Global Dispatches: First Union Sets Sights on Japanese Investors

To reach prospective Japanese investment customers, First Union Corp.'s Evergreen mutual fund family is tapping the resources of its international commercial bank.

Instead of hooking up with another company, Evergreen is asking its international banking division for an entree to Japan, where it is sending a fund sales manager next month. The 30-year-old division was built by CoreStates Financial Corp., which First Union bought in April.

"We do not want to be held to an individual relationship with one firm in Japan," said William Ennis, chief operating officer of First Union's capital management group and president of its Evergreen mutual funds.

The Charlotte, N.C., banking company is quick on the heels of several U.S. investment managers already setting up in Japan-typically through alliances with Japanese institutions.
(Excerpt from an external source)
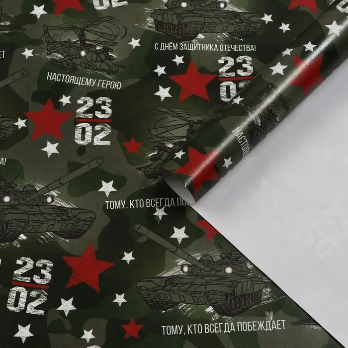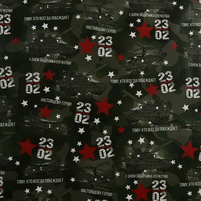 Бумага упаковочная, "23 Февраля", односторонняя 100 см х 70 см

The attraction is a slew of legislative changes, nicknamed the "big bang," that took effect Dec. 1.

A major provision lets foreign companies market directly to consumers. Japanese banks and insurance companies can also sell mutual funds.

These changes spurred several partnerings between Japanese and U.S. institutions, including Fidelity Investments and 23 Japanese banks, J.P. Morgan & Co. and Dai-Ichi Kangyo Bank Ltd., and Putnam Investments and Nissay Asset Management Co.
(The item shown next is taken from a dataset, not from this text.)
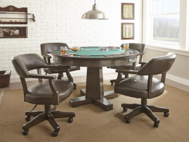 The impressive Rudy Dining and Game Table features a round reversible top for use as a dining or game table. The table top is constructed of beautiful birch veneers in a medium walnut finish over engineered wood.Read More

First Union's Tokyo representative office, which has three managers and a staff of 12, delivers correspondent banking services to 100 banks. Thirty-five bankers in its branch there conduct trade finance, said Michael P. Heavener, a First Union executive vice president and head of the international division.

"We can provide our colleagues from the Evergreen side access to the decision-makers," Mr. Heavener said. "Our long history in the correspondent banking business will help jump-start this Evergreen initiative."

First Union hopes to distinguish itself in Japan by pointing to its success in selling funds to bank customers.

"Evergreen had penetrated its client base with mutual fund sales more than any other commercial bank," Mr. Heavener said.

In April, First Union plans to unveil Evergreen Worldwide, a new family of funds for non-U.S. investors that will be similar in strategy to Evergreen's 75 portfolios. Evergreen Worldwide funds will also be pitched to the Latin American clients of First Union's international private banking division, which is based in Miami.

Overseas distribution will help Evergreen meet a goal of having $100 billion under management by the end of 2000, Mr. Ennis said. The fund family now manages $71 billion.

Evergreen's operation in Tokyo is led by Joseph Klauzar, director of Evergreen Far East sales. Mr. Klauzar, who spent the past two and a half years with Evergreen as a regional sales manager in Texas, is fluent in Japanese. Three to five wholesalers will join him over the next 18 months.

U.S. fund companies must get into Japan early to establish their brands, observers said.

"They'll be the brands that will survive, even when the Japanese develop their own proprietary products," said Kenneth R. Hoffman, president of Optima Group Inc., an investment management consulting firm based in Fairfield, Conn.